Exactly the lines from the one containing "JESSICA DRAGONETTE Semi-Cactus" through the final line of the listing are to be retyped, and nothing more.

> **DATA SHOWN**:
------------------------------------------------------------

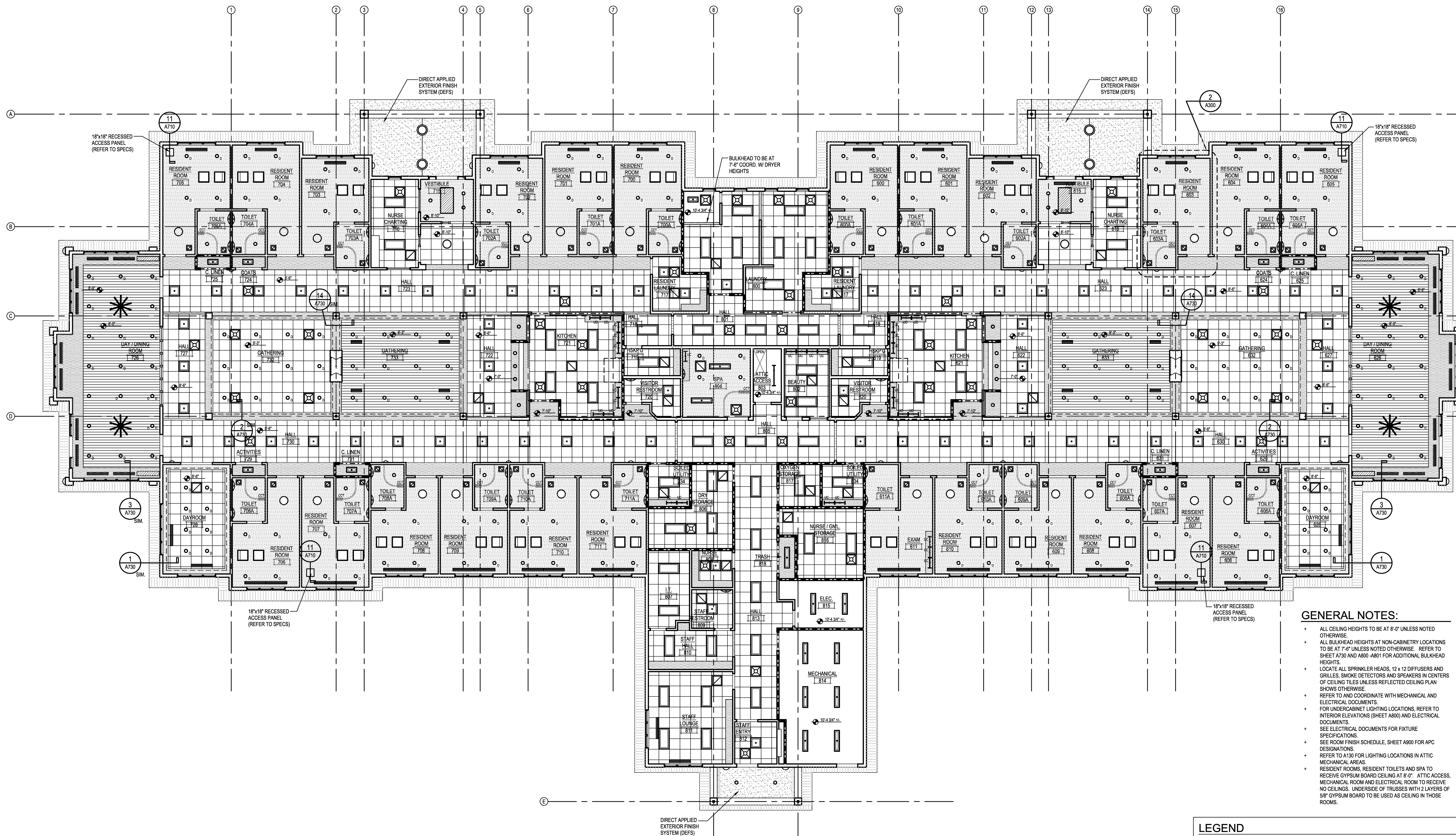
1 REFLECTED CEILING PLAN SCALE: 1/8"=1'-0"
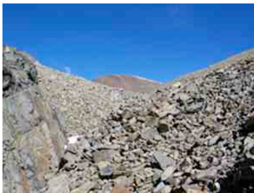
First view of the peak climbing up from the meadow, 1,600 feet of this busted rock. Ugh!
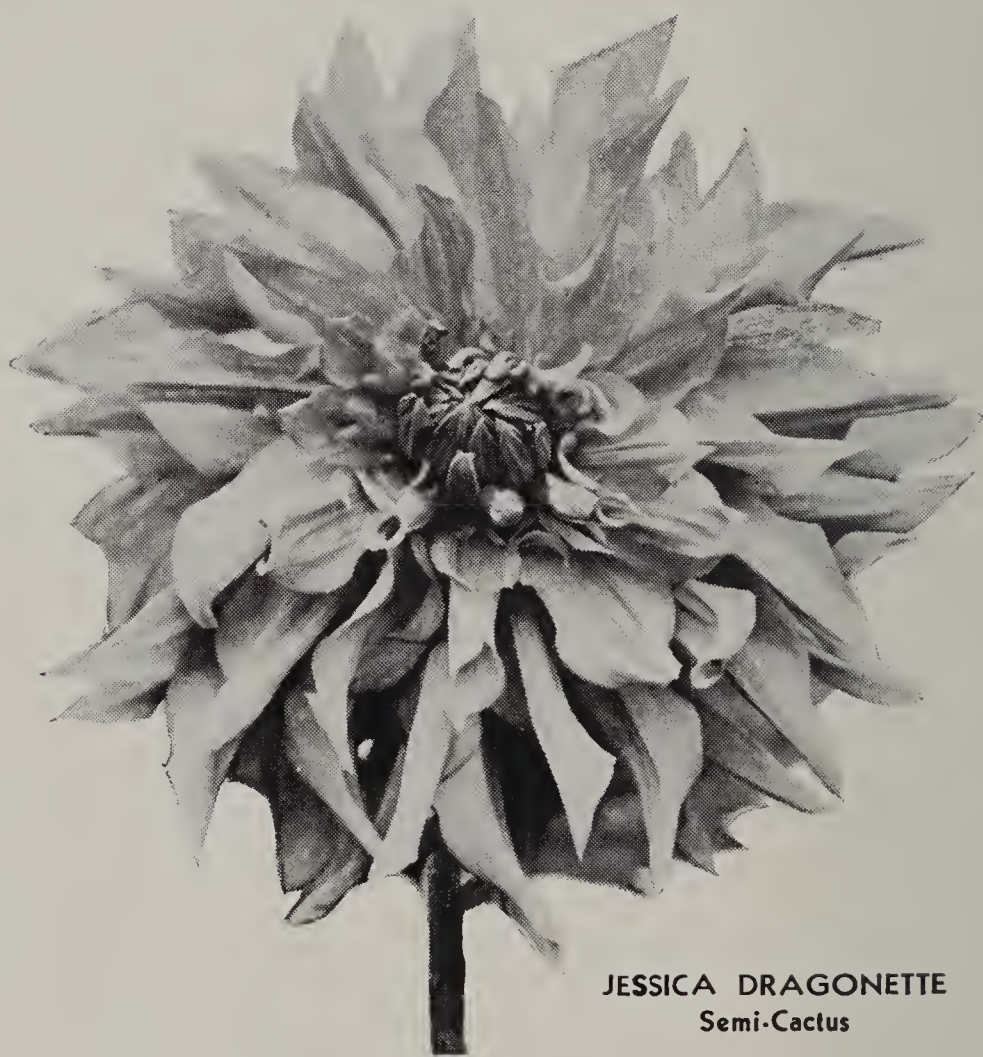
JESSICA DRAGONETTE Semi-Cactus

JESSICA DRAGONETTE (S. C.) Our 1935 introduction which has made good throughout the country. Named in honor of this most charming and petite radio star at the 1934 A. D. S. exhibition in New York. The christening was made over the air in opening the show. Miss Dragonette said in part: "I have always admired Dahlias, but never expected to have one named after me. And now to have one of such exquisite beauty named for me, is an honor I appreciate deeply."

------------------------------------------------------------

> **EXERCISE RESPONSE**:
JESSICA DRAGONETTE Semi-Cactus

JESSICA DRAGONETTE (S. C.) Our 1935 introduction which has made good throughout the country. Named in honor of this most charming and petite radio star at the 1934 A. D. S. exhibition in New York. The christening was made over the air in opening the show. Miss Dragonette said in part: "I have always admired Dahlias, but never expected to have one named after me. And now to have one of such exquisite beauty named for me, is an honor I appreciate deeply."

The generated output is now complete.